Items listed in a dataset
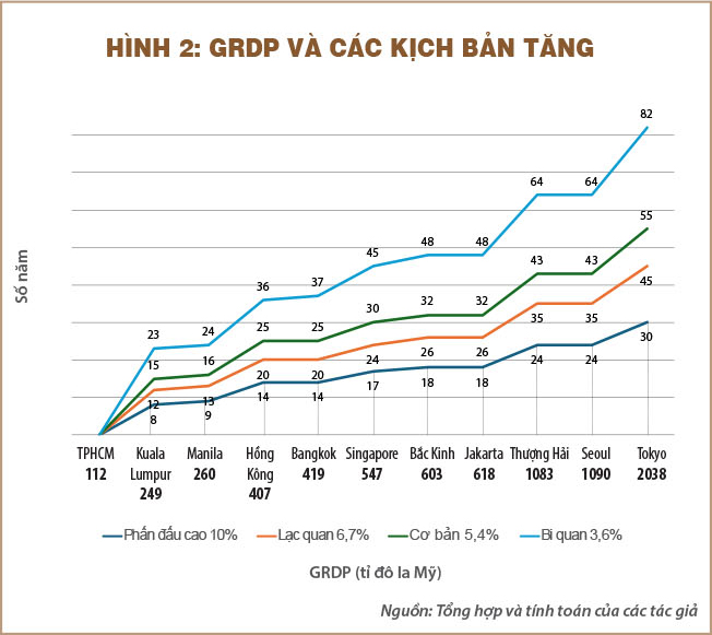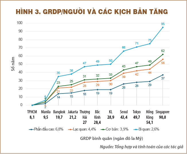 Các con số của kịch bản cơ bản là sẽ cần hai thập niên để có mức 20.000 đô la Mỹ, ba thập niên để có mức 30.000 đô la Mỹ và bốn thập niên để có mức trên 40.000 đô la Mỹ; kịch bản lạc quan sẽ nhanh hơn một chút; với kịch bản bi quan thì TPHCM không có cơ hội để đuổi kịp các đô thị đi trước khác về GRDP/người.
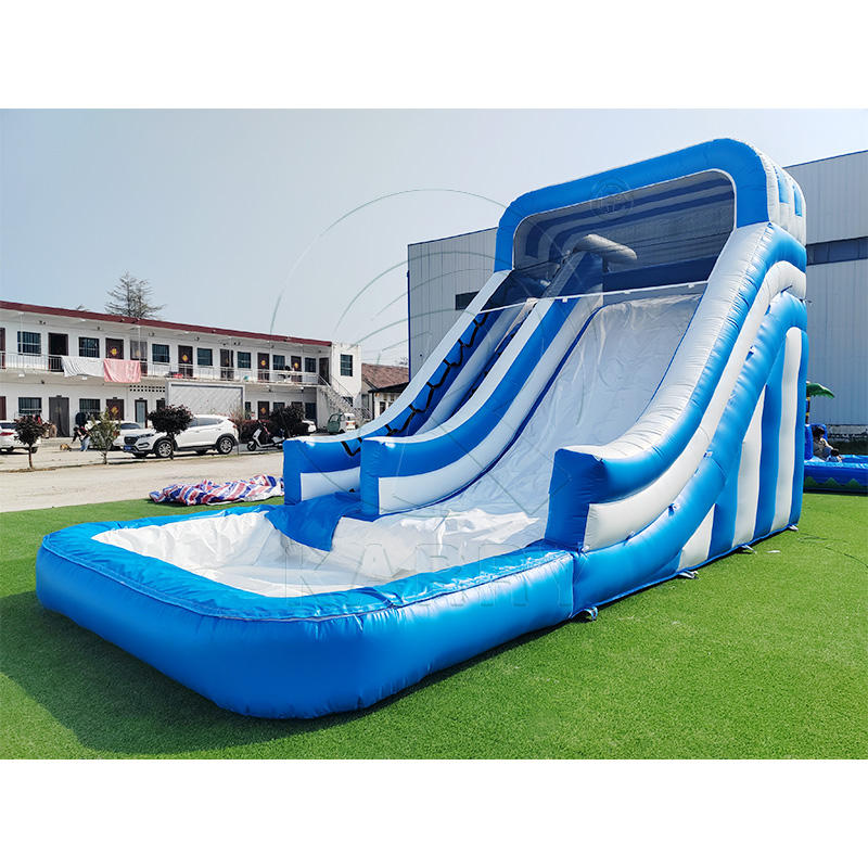 Castillo Inflable Comercial Azul con Tobogán Acuático, Parque Acuático Inflable Gigante con Piscina para Parque Acuático
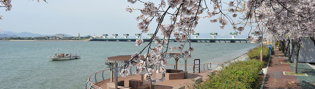 It is a beautiful trailer built around the embankment slope along the riverbank. The road is installed with urethane, suitable for walking or riding bicycles and a magnificent lane of cherry trees beautifully aligned as well. At sunset, enjoy the finest scenery where the river meets the sea.
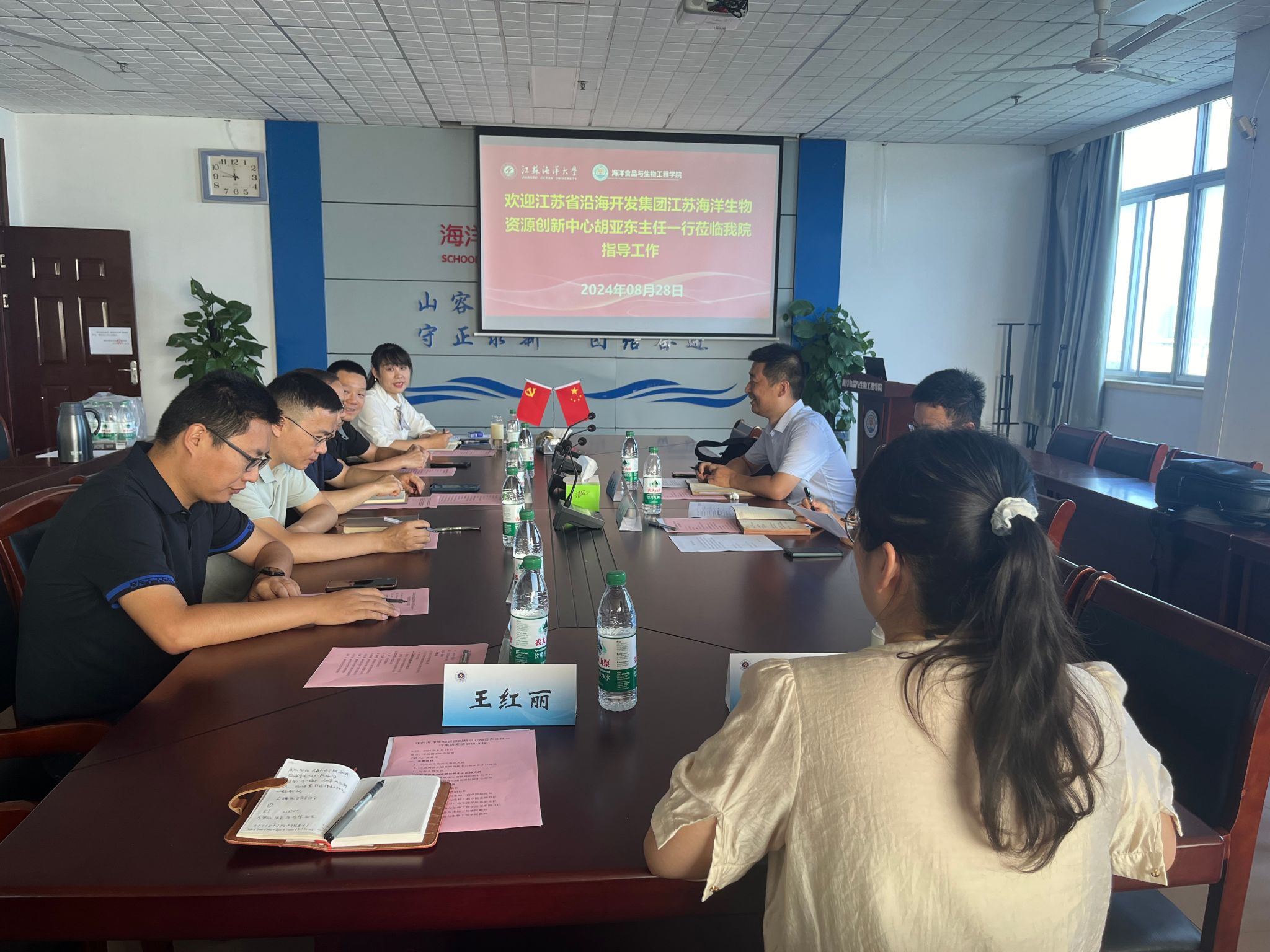 8月28日上午,江苏省沿海开发集团江苏海洋生物资源创新中心主任胡亚东、项目经理潘明轩等一行到访我院,调研人才培养、项目合作及及成果转化等,研究生院副院长高嵩、科学技术处副处长房耀维以及我院孙颖颖、王文彬、杨杰、王红丽、韦欣等教师代表参加交流会,交流会由副院长盘赛昆主持。
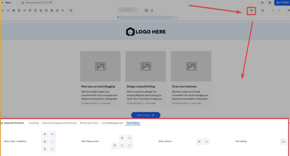 - Keyboard Shortcuts: By utilizing standardized key combinations, users can execute complex layout changes and administrative tasks with greater precision and speed. To access the full directory of commands, simply press Shift + / while inside the builder interface. Familiar commands can be used for text formatting (such as bolding or hyperlinking), while specific shortcuts allow you to save, undo, or preview your progress instantly.
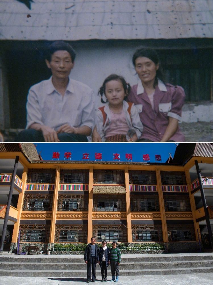 拼版照片,上圖:1993年在獨龍江鄉(xiāng)小學拍攝的獨龍族群眾高德生、高瓊先和黎英(從左到右)一家三口(資料照片);下圖:2016年11月23日在獨龍江鄉(xiāng)中心小學拍攝的獨龍族群眾高德生、高瓊先和黎英一家(從左到右)
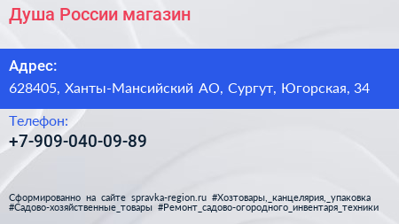 Душа России, магазин по адресу 628405, Ханты-Мансийский АО, Сургут, Югорская, 34 в дальнейшем Организация, размещена в следующих категориях:

▶ To do
Give the lines again word for word, from the start of the records to the line holding "8月28日上午,江苏省沿海开", both included, and leave out any picture.

▶ Expected answer
 Các con số của kịch bản cơ bản là sẽ cần hai thập niên để có mức 20.000 đô la Mỹ, ba thập niên để có mức 30.000 đô la Mỹ và bốn thập niên để có mức trên 40.000 đô la Mỹ; kịch bản lạc quan sẽ nhanh hơn một chút; với kịch bản bi quan thì TPHCM không có cơ hội để đuổi kịp các đô thị đi trước khác về GRDP/người.
 Castillo Inflable Comercial Azul con Tobogán Acuático, Parque Acuático Inflable Gigante con Piscina para Parque Acuático
 It is a beautiful trailer built around the embankment slope along the riverbank. The road is installed with urethane, suitable for walking or riding bicycles and a magnificent lane of cherry trees beautifully aligned as well. At sunset, enjoy the finest scenery where the river meets the sea.
 8月28日上午,江苏省沿海开发集团江苏海洋生物资源创新中心主任胡亚东、项目经理潘明轩等一行到访我院,调研人才培养、项目合作及及成果转化等,研究生院副院长高嵩、科学技术处副处长房耀维以及我院孙颖颖、王文彬、杨杰、王红丽、韦欣等教师代表参加交流会,交流会由副院长盘赛昆主持。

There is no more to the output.